A) MUFAVAZA ŞİRKETİ

1444Önce kelime üzerinde duralım; kelimenin kök sigası olan "fevd"; bir işi başkasına tevdi etmek, eşit olmak ve her şeye eşit şartlarda iştirak etmek gibi manalara gelir.(145) "Fevda" burada; eşit şekilde iştirak manasınadır. İmam-ı Merginani; "Fevda" manasında olan Mufavaza'da; başlangıçta ve sonuçta eşitliğin gerçekleştirilmesi kaçınılmazdır."(146) diyerek, kelimenin "Müsavat, eşitlik" manasında kullanıldığına işaret etmektedir.

1445 Hanefi fûkahası, Resûl-i Ekrem (sav)'in: "Mufavaza ortaklığı yaptığınız zaman, onu güzel yapınız"(147) ve "Mufavaza ediniz!.. Çünkü o bereketin en büyük olanıdır"(148) Hadis-i Şeriflerini esas alarak "Şirket-i Mufavaza'nın" caiz olduğunda ittifak etmiştir. İmam-ı Malik (rha) "Mufavazayı (meşru mu, değil mi) bilmiyorum" derken(149) İmam-ı Şafii (rha) mufavazanın caiz olmadığını beyan etmiştir.(150) Zira ortaklardan her birinin kendi malından gelen kâra diğerini ortak kılmasının aldatma olduğu kanaatindedir.
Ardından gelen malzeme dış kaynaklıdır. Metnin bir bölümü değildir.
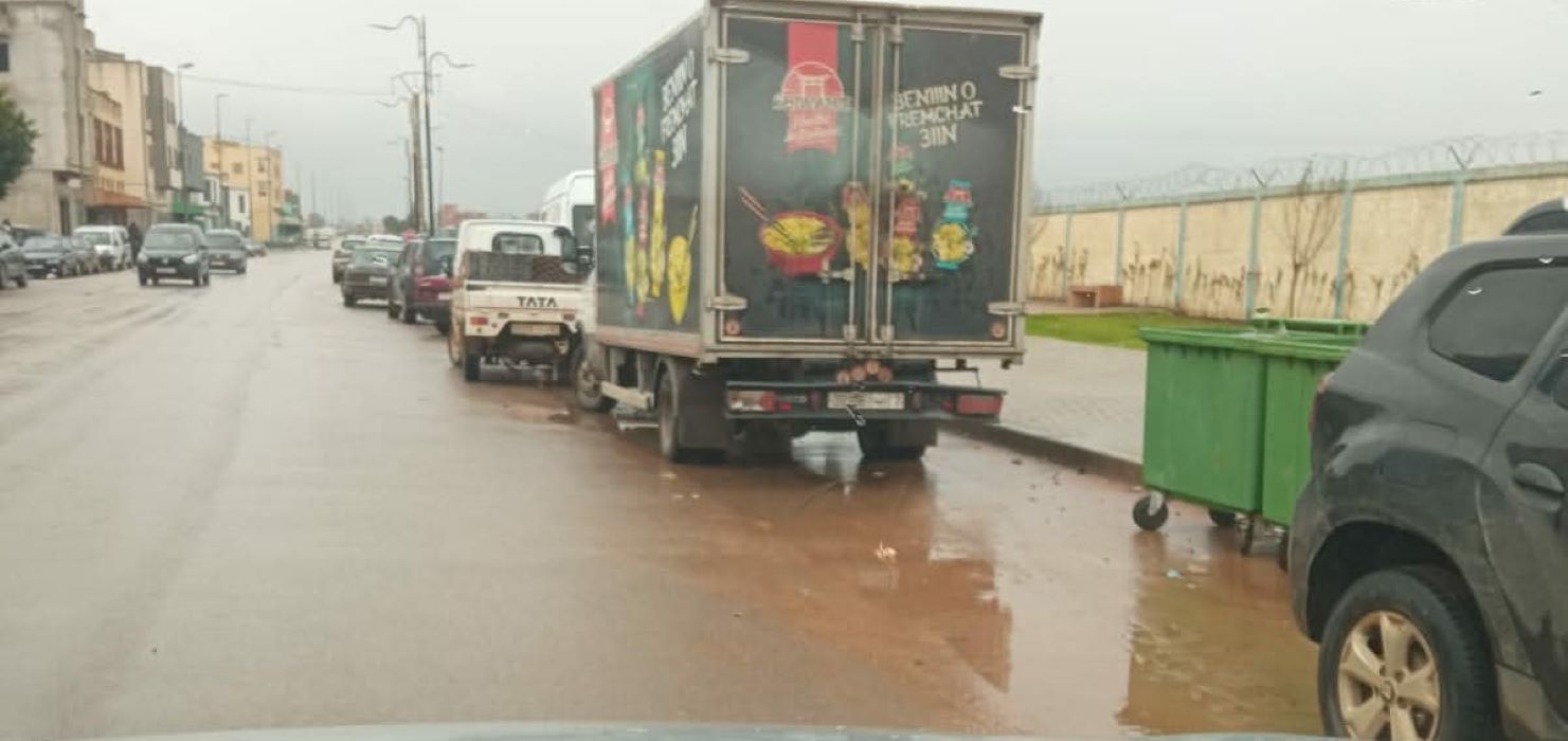 والمشكل أن مجموعة من الشاحنات والجرارات : لا تحترم علامات منع التوقف وخاصة بشارع المسيرة الخضراء المزدحم بالمارة و المتسوقين.
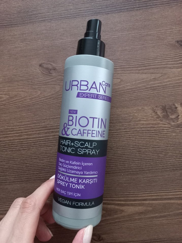 Urban Care Expert Series Biotin & Kafein içeren saç ve saç derisi tonik spreyi, saç dökülmesine karşı korur ve sağlıklı uzamaya destek olur. Vegan formüldür.
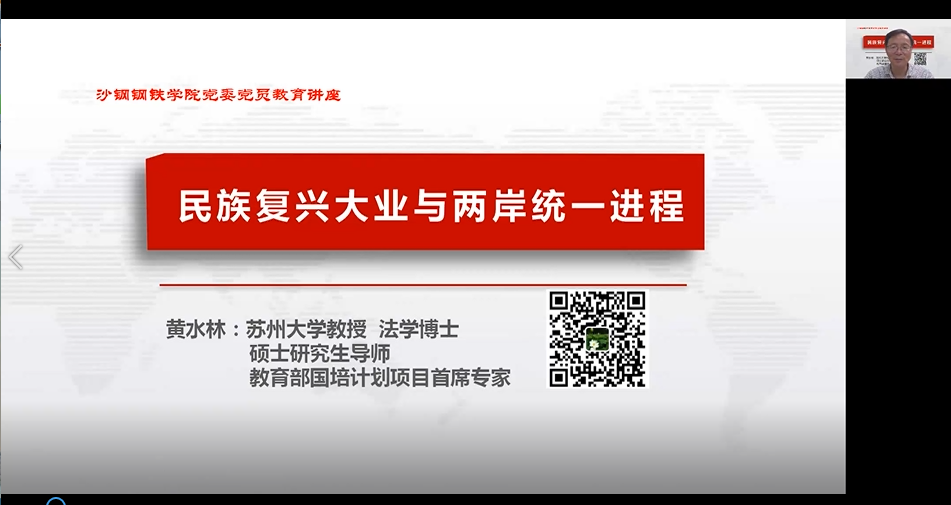 为进一步引导全体学生党员牢记民族复兴、祖国统一的历史大势与中华民族伟大复兴的中国梦,2022年6月8日晚,沙钢钢铁学院邀请苏州大学保卫处黄水林教授作了主题为《民族复兴大业与两岸统一进程》的党课,研究生辅导员成苗,全体学生党员聆听了党课。党课由学院党委书记沈云彩主持。
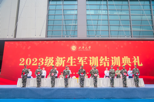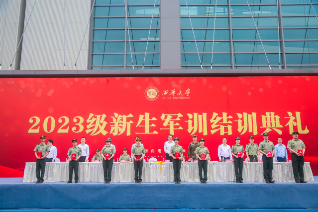 秋风习习,晨光熹微。为期14天的新生军训工作圆满结束,9月26日早晨,宜宾校区在科创中心运动场举行2023级学生军训结业典礼。出席本次典礼的领导和嘉宾分别是,武警宜宾支队大队长付乐少校,副校长许州、费凌,党政办、宣传部、学工部、教务处、后勤服务总公司、宜宾校区党工委负责人和各相关学院负责人,宜宾校区党工委常务副书记陆跃文主持典礼。
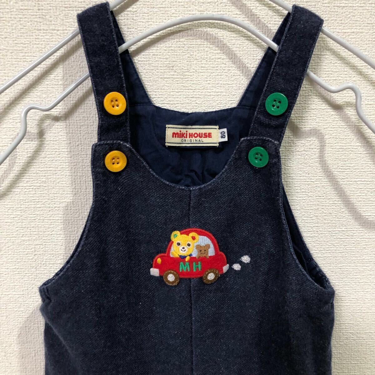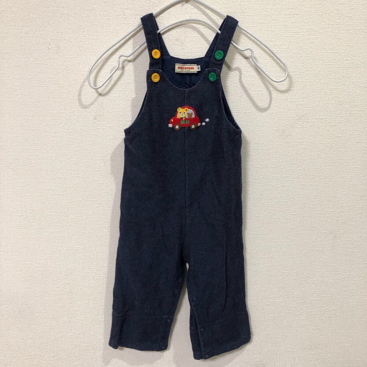 「商品名」ミキハウス mikiHOUSE 子供服 オーバーオール クマ 車 コットン 80サイズ ベトナム製 14-3303-569-13
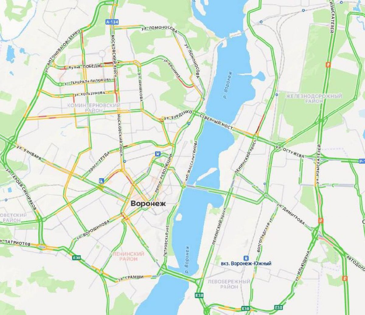 Причиной, вероятно, стали аварии — на карте отмечены две: на Кольцовской улице и на Ленинском проспекте. Так начался первый рабочий день. Воронежцы жалуются на большие опоздания и выражают недоумение в соцсетях — многие ехали на работу по несколько часов.

Bu husustaki hadislerin ise "Garib" veya "Zaif" olduğunu esas almışlardır.

1446 MUFAVAZA ŞİRKETİ NASIL MEYDANA GELİR?: Şartları haiz iki kişi: "Biz mufavaza ortaklığı yapacağız. Az olsun, çok olsun, beraber alıp, beraber satacağız. Toptan olsun, perakende olsun, peşin olsun, veresiye olsun; her birimiz kendi reyi ile iş yapacak. Allahû Teâla (cc)'nın vereceği rızkı (kârlı ve zararlı) taksim edeceğiz" derlerse, şirket-i mufavaza teşekkül etmiş olur. Muzmarat'ta da böyledir.(151) Mufavaza şirketi; hür ve bülûğa ermiş iki mü'min arasında kurulabilir. Zira ortaklar arasında her yönden eşitlik aranır.